* **Task prompt**: Could you write out the listing below exactly as it stands, leaving out the pictures?

----- Data -----

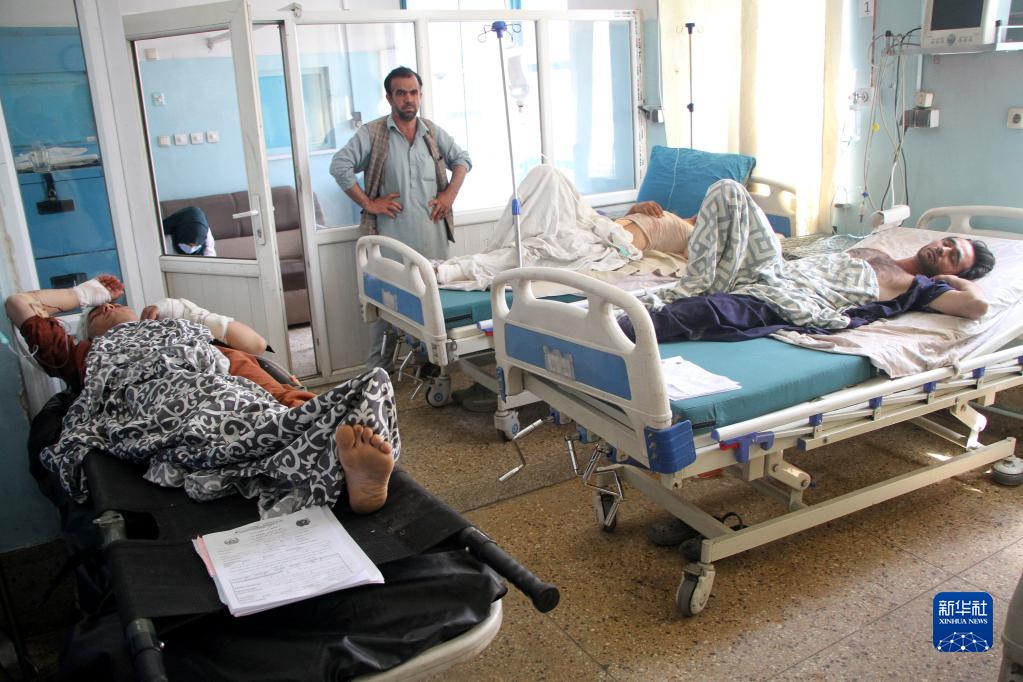8月27日,伤者在阿富汗首都喀布尔一家医院接受治疗。喀布尔国际机场外8月26日发生自杀式炸弹袭击事件,致使大量阿富汗平民和至少13名美军士兵丧生。极端组织“伊斯兰国”阿富汗分支宣称发动袭击。新华社发(塞夫拉赫曼·萨菲摄)
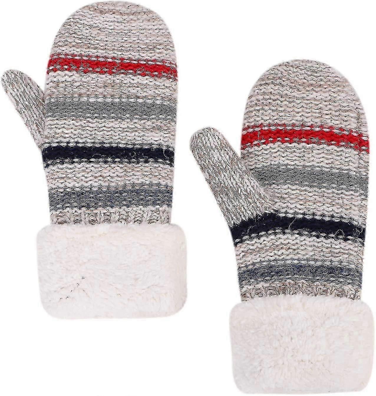 Women Winter Knitted Gloves Fleece Lined Knit Gloves Women Full Fingers Thickening Winter Warm Mittens Knit Mittens Stripe Design Knitted Mittens Ther
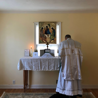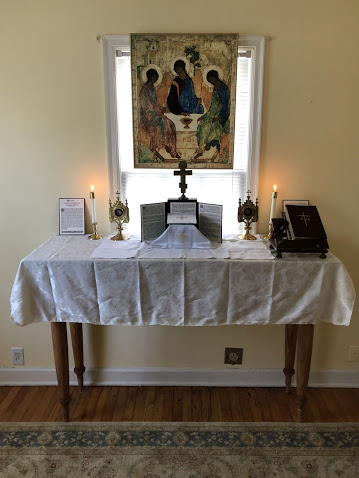 Secondly, the altar, if possible, should have a first class relic on it or at least placed on it for the offering of the Holy Sacrifice of the Mass. Some priests I know travel with a Byzantine antimension. The same prayer said by the priest in the Roman rite when he comes to the altar to kiss it before saying the Introit refers to the relics on and near the altar: "Oramus te, Domine, per merita Sanctorum tuorum [kiss the sacred stone] quorum reliquiae hic sunt, et omnium Sanctorum: ut indulgere digneris omnia peccata mea. Amen" (We beseech Thee, O Lord, by the merits of Thy saints whose relics are here, and of all the saints, to forgive me all my sins. Amen). A priest should be able to help you look for relics.

-----

* **Problem solution**:
8月27日,伤者在阿富汗首都喀布尔一家医院接受治疗。喀布尔国际机场外8月26日发生自杀式炸弹袭击事件,致使大量阿富汗平民和至少13名美军士兵丧生。极端组织“伊斯兰国”阿富汗分支宣称发动袭击。新华社发(塞夫拉赫曼·萨菲摄)
 Women Winter Knitted Gloves Fleece Lined Knit Gloves Women Full Fingers Thickening Winter Warm Mittens Knit Mittens Stripe Design Knitted Mittens Ther
 Secondly, the altar, if possible, should have a first class relic on it or at least placed on it for the offering of the Holy Sacrifice of the Mass. Some priests I know travel with a Byzantine antimension. The same prayer said by the priest in the Roman rite when he comes to the altar to kiss it before saying the Introit refers to the relics on and near the altar: "Oramus te, Domine, per merita Sanctorum tuorum [kiss the sacred stone] quorum reliquiae hic sunt, et omnium Sanctorum: ut indulgere digneris omnia peccata mea. Amen" (We beseech Thee, O Lord, by the merits of Thy saints whose relics are here, and of all the saints, to forgive me all my sins. Amen). A priest should be able to help you look for relics.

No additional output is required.